織田信長や江戸幕府との関係も含めて、その違いを5つに分けてご紹介します!
目次
甲賀忍者と伊賀忍者の組織運営の違いとは?
甲賀忍者と伊賀忍者の違いですが、その組織運営の方法に大きな違いがあったそうです。
甲賀忍者は「惣」と呼ばれる共同体だったと言われてますが、そこに参加する者の立場は対等なものだったと言われています。里として意思決定を行う際も、多数決によって運営を行っていました。今で言う民主主義に近いですね。
一方の伊賀忍者も共同体によって組織の運営を行っていましたが、その意思決定は「上忍三家」と呼ばれる3つの有力者の意向が大きかったそうです。「上忍三家」は服部半蔵を輩出した服部家、織田信長に抵抗した事で知られる百地三太夫を輩出した百地(ももち)家、武田信玄の軍師であった山本勘助に忍術を教えたとされる藤林長門守を排出した藤林家の3家から成り、それ以外の家はこの「上忍三家」の意見を聞き入れる事が多かったそうです。

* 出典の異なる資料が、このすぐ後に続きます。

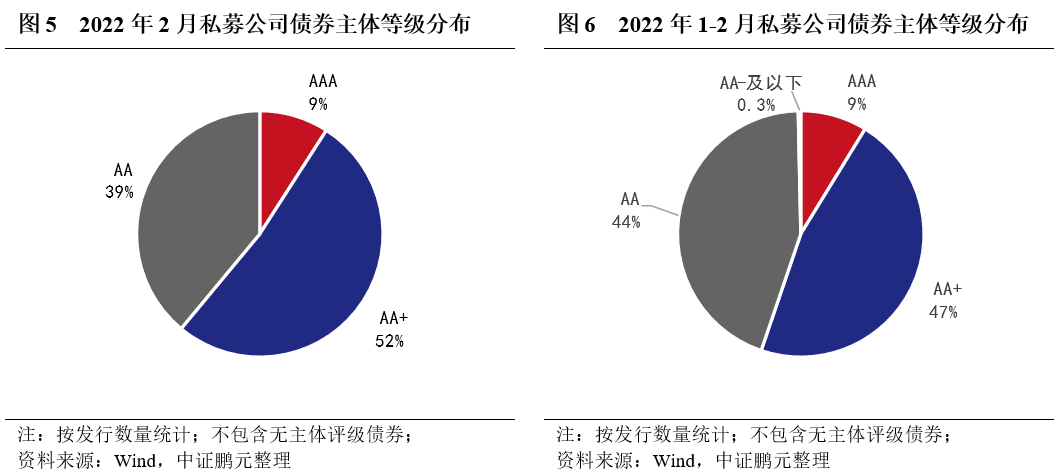 綜合2022年1-2月份的情況來看,交易所公司債券主體級別仍以中高等級為主,AAA級、AA+級、AA級主體評級占比分別為37%、35%、27%。其中,公募公司債AAA級、AA+級、AA級及AA-及以下主體評級占比分別為77%、20%、3%,0.5%;私募公司債AAA級、AA+級、AA級及AA-及以下主體評級占比分別為9%、47%、44%、0.3%。

依頼主との付き合い方が異なっていた甲賀忍者と伊賀忍者
2つ目の違いとしては、依頼主との付き合い方が挙げられます。
まず甲賀忍者の特徴として、依頼主を特定の家に絞っていた点が挙げられます。
その背景には、甲賀忍者の起源が影響していると言われています。彼らは、もともと守護大名の佐々木六角氏の配下だった地侍だったので、特定の大名との主従関係をハッキリさせる面があったのだと思われます。
その一方で、仕える大名が没落すると、甲賀忍者は仕える主をコロコロと替える一面もありました。彼らは手を組む大名を佐々木六角氏から織田氏、豊臣氏、徳川氏と次々と変えています。
一見すると節操が無さそうに見えますが、これは甲賀忍者が、時代を読む力があった証明だとも言えるでしょう。
一方、伊賀忍者は甲賀忍者と異なり、依頼があれば複数の大名に忍びの者を派遣していました。戦が起こり、双方から要請があった場合には、それぞれの依頼に応えていたそうです。仲間同士であっても関係がないことから、非常に厳しい環境にあった里と言えそうですね。
それぞれが得意としていた忍術の違いとは?
この2つの里の違いとして、得意とした忍術の違いも挙げられます。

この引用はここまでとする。